O texto do Concílio Vaticano II fala de ouvir com mais frequência a palavra de Deus e entregarem-se mais à oração. É um tempo de voltar-se mais para dentro de si mesmos. E o nosso olhar para dentro se dá sempre com um olhar para Cristo, para Ele, nunca para o nada ou para a “respiração” que temos. De fato, a conversão cristã é sempre uma mudança a partir do evangelho, nem somente uma conversão moral, mas é conversão para Deus, pois do contrário, não se pensa segundo Deus, mas segundo os homens. Temos algo bem importante aqui: a conversão da pessoa tem um ponto de referência. Sempre será Cristo e seu ensinamento. Por isso, o segredo é a oração. Quem reza todos os dias, sabe que o caminho para sua vida vem daí, de Deus. Não é somente um desejo pessoal. A oração será diálogo com este que vem a nós e nos convida a reconhecê-lo e conversar com ele.

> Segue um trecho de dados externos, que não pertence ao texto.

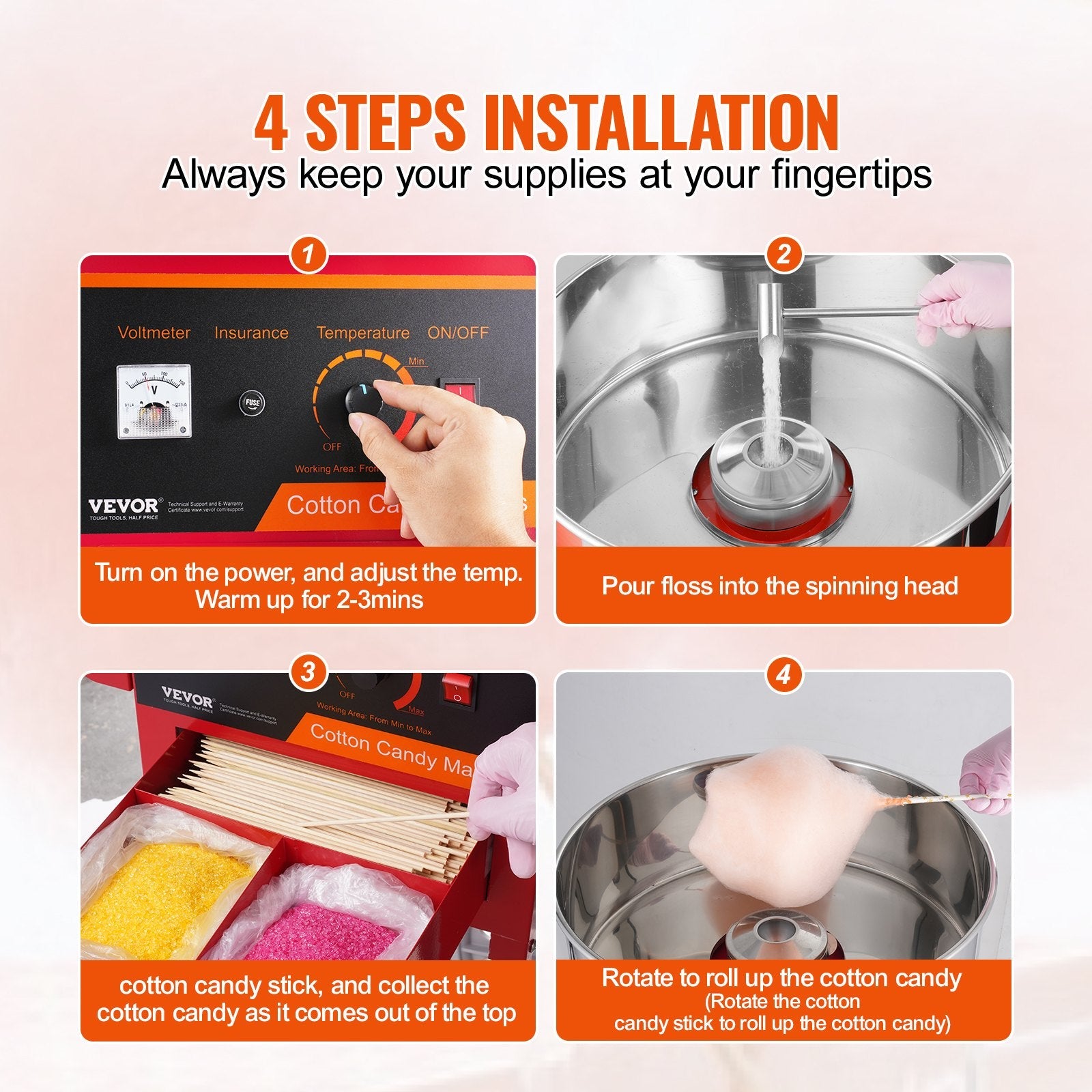 Item Body Weight:33.1 lbs / 15 kg,Candy Bowl Material: SUS201 Food Grade Stainless Steel,Item Size: 20.4x32.3x39.4 inch / 518x820x1000 mm,Candy Bowl Capacity: 3.5 Ounces ±5%,Color: Red,Item Model Number: MHTJJPHC01,Rated Power: 1000W,Cotton Candy Yield: 6 pcs/min,Temp Range: 244.9x439.2°F / 118.3-226.2℃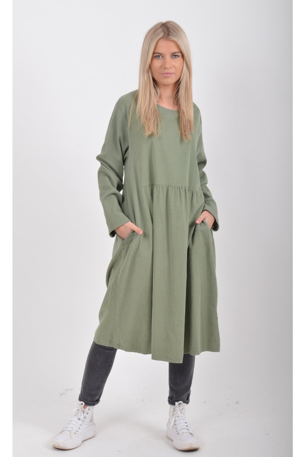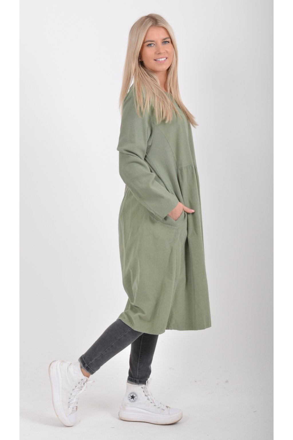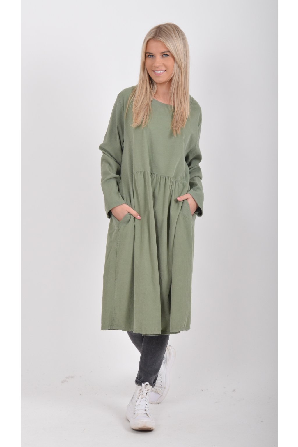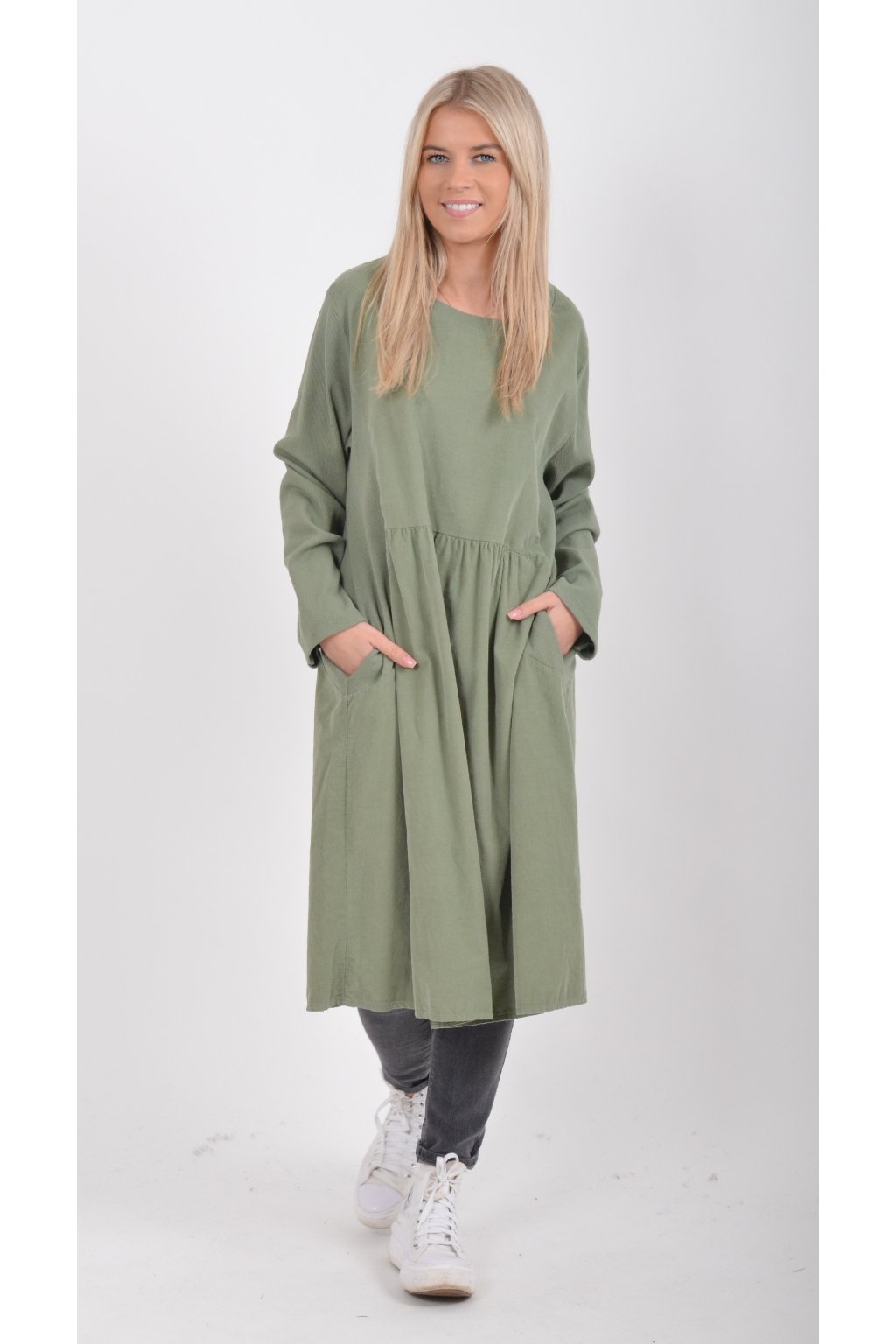 Jednobarevné manšestrové šaty s dlouhým rukávem a kapsami na bocích. Šaty jsou vyrobeny z velice příjemného a kvalitního materiálu. Jsou vhodné pro každodenní nošení a mají áčkový střih.

Claro, a Quaresma torna-se uma escola de purificação e iluminação. As palavras de Jesus, “convertam-se ao evangelho” (Mc 1,15), são claras para nós. Elas nos conduzem a que tenhamos a acolhida da proximidade de Deus, que pede que nos reconciliemos, por amor, a Ele e, como consequência, aos irmãos e irmãs.
A duração dos quarenta dias é essencialmente simbólica. A tipologia bíblica dos quarenta dias sempre esteve presente: o jejum dos quarenta dias de Jesus Cristo; os quarenta anos transcorridos pelo povo de Deus no deserto; os quarenta dias em que Moisés esteve no Monte Sinai; os quarenta dias durante os quais Elias, fortificado pelo pão cozinho sob as cinzas e pela água, chegou ao monte de Deus, o Horeb e os quarenta dias nos quais Jonas pregou a penitência aos habitantes de Nínive. Os quarenta dias são desde a Quarta-feira de Cinzas até o dia da Ceia do Senhor, na Quinta-feira Santa.
As obras da penitência quaresmal, a oração, o jejum e a esmola, são realizadas, sobretudo, num contexto mais interior. O jejum nos educa para vivermos uma pobreza interior, na disposição a Deus. A oração, já falada anteriormente, é local imprescindível da vida cristã, sem a qual não há caminho cristão. E a caridade é a que torna claro nosso desejo de mudança, sem nenhuma intenção pessoal, mas “não deve ser apenas interna e individual, mas também externa e social” (SC 110).